Ms PATTEN (Northern Metropolitan) (23:34): My adjournment matter is for the Minister for Police and Emergency Services, and the action I am seeking is for her to instruct Victoria Police to immediately introduce a racial profile monitoring system.
We know that it has been three years since Victoria Police stated that they would introduce a monitoring system to check the level of racial profiling in police activities, but they have not. The research points to the fact that they are stopping people because of the colour of their skin, and we know that there is no doubt that that is linked to the increased levels of incarceration of our Aboriginal brothers and sisters and Aboriginal children in our community as well as other people of colour.
Police now record a variety of data when they stop someone, when they interact, and that will include the reason for the stop, the location, the time and the outcome. Racial monitoring would make it mandatory to include the perceived race or ethnicity. It would not be a requirement for the police to ask those people about that, just for them to identify what the ethnicity was that they think. We know that research from Canada and the UK has shown that these types of racial monitoring systems immediately reduce the number of unnecessary stops as they make officers reflect on whether the person’s race played a part in their decision to stop them. With this data VicPol can work towards reducing racial profiling in police and improve transparency.

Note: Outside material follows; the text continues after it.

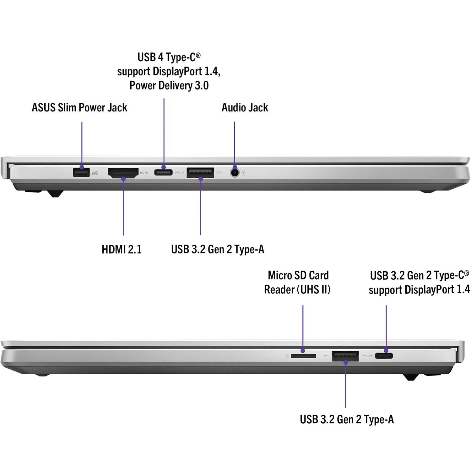 The ROG Zephyrus G14 has been redesigned with an all-new premium aluminum chassis for increased durability and elegance. At 0.63 inches thin and weighing in at just 3.31lbs, this gaming powerhouse combines portability with cutting-edge technology. Featuring Windows 11 and an NVIDIA GeForce RTX 4060 GPU, the Zephyrus G14 achieves unparalleled gaming performance. The AMD Ryzen 9 8945HS processor further enhances productivity with 16 TOPS in AI Performance. The Zephyrus G14 features an OLED ROG Nebula Display. Enjoy rapid 0.2ms response times and a smooth 120Hz refresh rate. Elevate your audio experience with new upgraded woofers, offering a 252% volume increase, 100Hz bass frequency, and Dolby Atmos support. For intense gaming sessions, the ROG Intelligent Cooling integrates liquid metal and aerodynamic 2nd Gen Arc Flow Fans to sustain peak performance. Operating System: Microsoft Windows 11 Home Display: 14" 3K (2880 x 1800) 120Hz 0.2ms OLED ROG Nebula Display (100% DCI-P3) Graphics Card: NVIDIA GeForce RTX 4060 8GB GDDR6 Graphics Card w/ ROG Boost up to 1940MHz at 90W (1890MHz Boost Clock+50MHz OC, 65W+25W Dynamic Boost) Processor: AMD Ryzen 9 8945HS 8 Cores (4.0GHz-5.2GHz, 16MB Cache, 45W) Networking: Wi-Fi 6E (802.11ax) (Triple band) 2x2 (Wireless LAN) + Bluetooth 5.3 Ports: Type C USB 4 support DisplayPort / power delivery, USB 3.2 Gen 2 Type-C support DisplayPort, 2x USB 3.2 Gen 2 Type-A, HDMI 2.1, RJ-45 Jack, Micro SD Card Reader, 3.5mm Combo Audio Jack Keyboard: Backlit Chiclet Keyboard 1-Zone RGB Battery: 73WHrs, 4S1P, 4-cell Li-ion

This is a call that has been going for a number of years. As I say, the police said they would do it three years ago. Acting Chief Commissioner Andrew Crisp in 2017 told the Flemington and Kensington Community Legal Centre that Victoria Police would incorporate racial profiling as part of their transparency and accountability monitoring group, but they have not. We know in New South Wales where this type of profiling is monitored that the COVID-19 fines disproportionately affected our Aboriginal communities, but here we just do not know because we are not measuring it.
Look, the government could be doing so many things this week to reflect on the actions that our community took—the outbursts, the outrage, the outpouring of sympathy—around the deaths in custody and around the deaths of black people that we saw in America. They could be removing public drunkenness as an offence, they could be conducting an audit into the recommendations, but the action I seek is a simple one: that they immediately start collecting data on the race and ethnicity of the people they stop.